For many African countries, Orthodoxy was brought there by Greek traders. In 1953 in the capital Antananarivo, Greek colonists built an Orthodox Christian temple. After the 1972 military coup, the church's priest was deported together with other foreigners.

Orthodoxy was first brought for the local population here in 1994 by hieromonk Nectarios (Kellis) who arrived from Australia. After 5 years here, there were more than 12 thousand Orthodox Christians and those preparing to be christened.

In Antananarivo, the capital, the temple of the Assumption of Mary was built, together with eparchial directorate and orphanage for several hundred children.

On 26 of March 1995, during the Cross-Bow Week, in the Assumption Cathedral, Metropolitan Zimbabwean Chrysostom ordained deacon Ioann Rikotondrazafi as a presbyter. He is the first Malagasy priest. He became a deacon in the capital of Zimbabwe, the city of Harare. He studied the ministry for three months before that.

The other local resident, Jean-Kristos Tsakanias, was sent to study in the seminary in Nairobi, Kenya.

On the island by 1995 were 63 Orthodox parishes, seven schools and 12 priests who were locals. The Orthodox Church was recognized by the government of Madagascar.

With the blessing of Patriarch Peter VII on 23 of September 1997 the Holy Synod of Alexandria Church elected Father Nectarios the first bishop of Madagascar. Madagascar became the independent eparchia, before that it was part of Zimbabwean metropolia.

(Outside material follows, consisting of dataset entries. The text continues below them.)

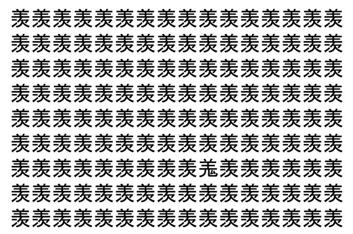 2. 【脳トレ】「羡」の中に紛れて1つ違う文字がある!?あなたは何秒で探し出せるかな??【違う文字を探せ!】
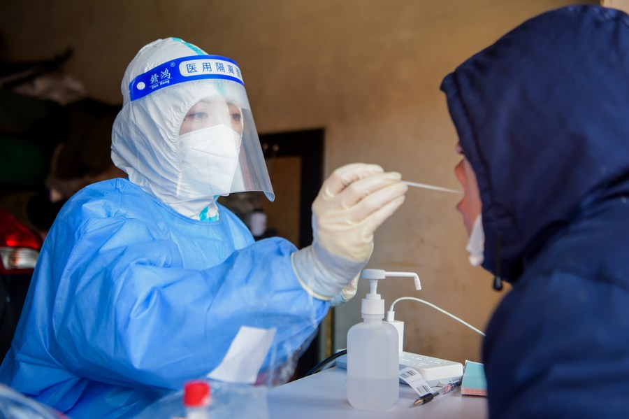 A medical worker takes a swab sample from a resident for nucleic acid testing at a sampling site in Manzhouli, north China's Inner Mongolia Autonomous Region, Dec. 1, 2021. (Xinhua/Li Zhipeng)
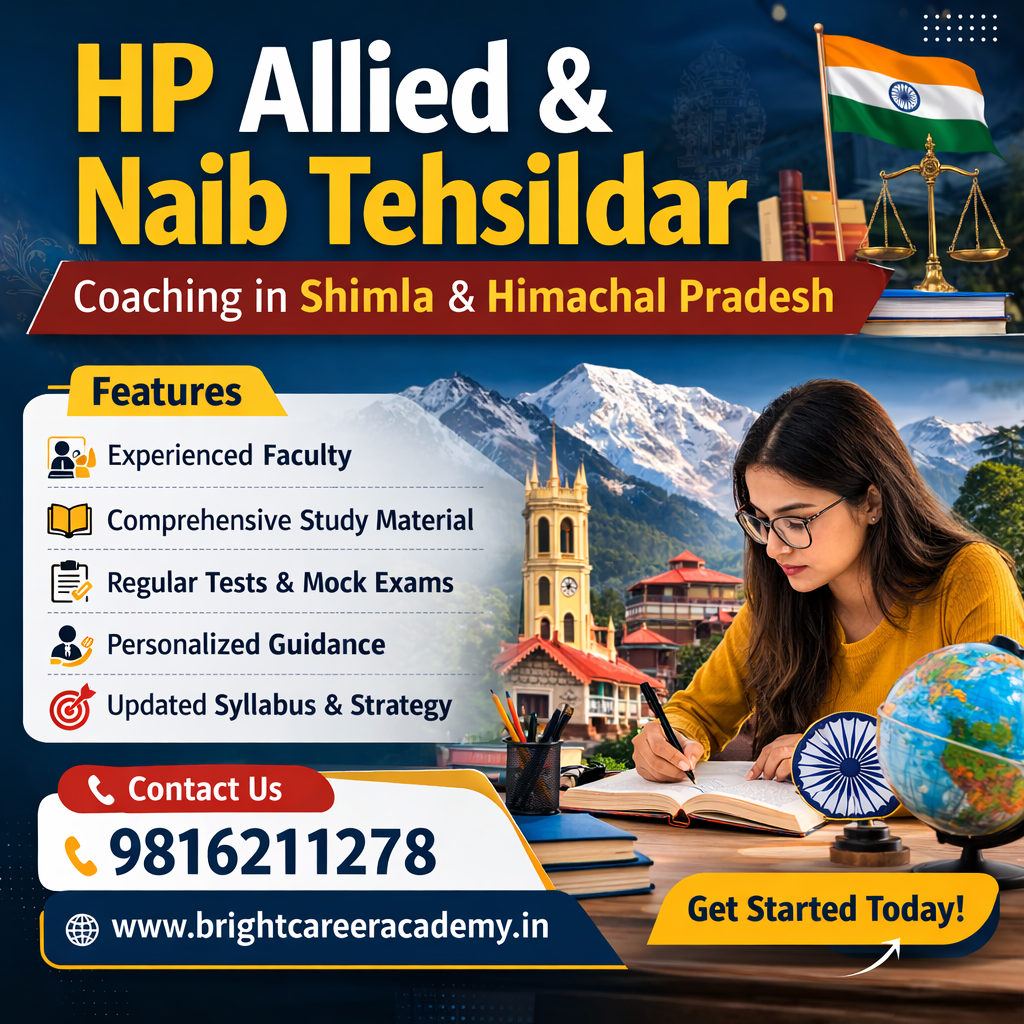 If you are searching for HP Allied coaching in Shimla, Naib Tehsildar coaching in Shimla, coaching centre near me, or best government exam coaching institute in Himachal Pradesh, Bright Career Academy Shimla provides expert guidance and structured preparation to help students achieve their goals.

The Orthodox mission guides several villages and settlements, some of them are fully converted to Orthodoxy. One of them is the village Ambovandramanesi. It is one of the first villages visited by Father Nectarios. It has one of the strongest Orthodox communities. This is confirmed by a case which happened here. Once there came to the village two American Baptist missionaries. They sermonized for three days. Finally they promised to build a church, a school, and a hospital if everyone were converted. But the elder of the village speaking for all of the locals answered them: "We could demand your departure at the very first day, but we listened to what you wanted to say. Now, when you have finished your sermon, we ask you to leave our village and never come back. We don't need your churches, schools and hospitals as we are Orthodox Christians". The locals were not christened at the time and had not given a promise to build something.

Later a medical ambulatory clinic was built on a plot of land gifted by Greek Consul. Here also the hierarch Nectarios planned to build a temple, a seminary, a woman cloister, and an eye clinic.

Bishop Nectarios also ordained the first Malagasy nun named Christodula.

Orthodoxy is most frequently accepted by poorer people. In the villages and settlements people live in huts made of palm leaves; chapels and temples are usually of the same material. Local priests serve in these temples and chapels straggled in rural areas.

In the missions there is a lot of work, and lack of workers. Orthodox missions are the poorest in terms of the resources, but they try to participate in aid programs.

Father Nectarios died in a helicopter crash together with Patriarch Peter VII and 15 other people on 11 September 2004. They were heading to the Holy Mount Athos on board a Greek Army helicopter.